Assignment
When copying the data below, keep only the lines from the one with "А вот игры со" through the one with "Pencils in lgbtq", word for word, and skip the pictures.

Entries supplied
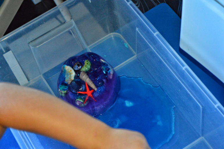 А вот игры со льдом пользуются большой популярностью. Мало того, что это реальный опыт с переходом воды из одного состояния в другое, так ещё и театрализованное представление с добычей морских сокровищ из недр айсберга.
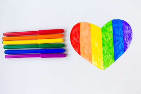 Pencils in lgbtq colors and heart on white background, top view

---

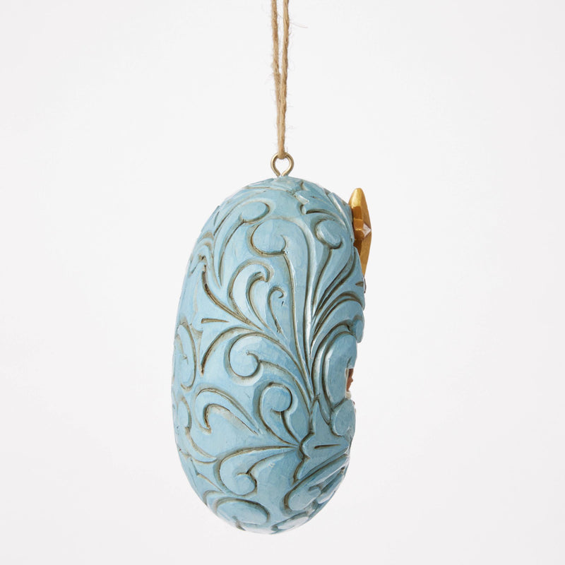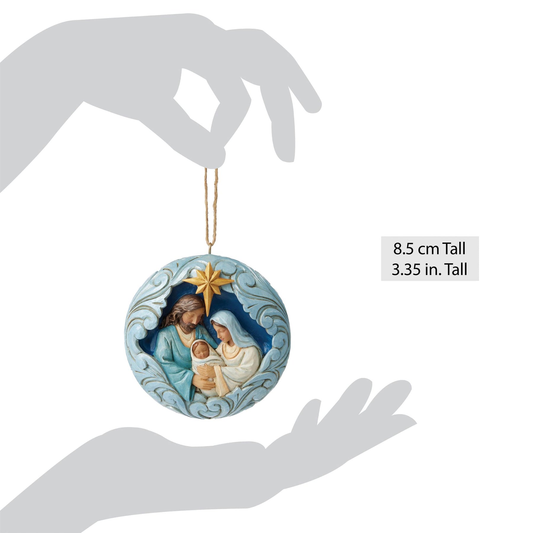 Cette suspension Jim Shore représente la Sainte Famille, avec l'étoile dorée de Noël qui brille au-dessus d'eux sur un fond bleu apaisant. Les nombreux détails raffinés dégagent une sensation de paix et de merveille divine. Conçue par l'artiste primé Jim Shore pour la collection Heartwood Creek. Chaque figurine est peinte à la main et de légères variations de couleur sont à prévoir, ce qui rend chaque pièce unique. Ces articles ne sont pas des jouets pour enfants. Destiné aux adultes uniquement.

Solution for this exercise
 А вот игры со льдом пользуются большой популярностью. Мало того, что это реальный опыт с переходом воды из одного состояния в другое, так ещё и театрализованное представление с добычей морских сокровищ из недр айсберга.
 Pencils in lgbtq colors and heart on white background, top view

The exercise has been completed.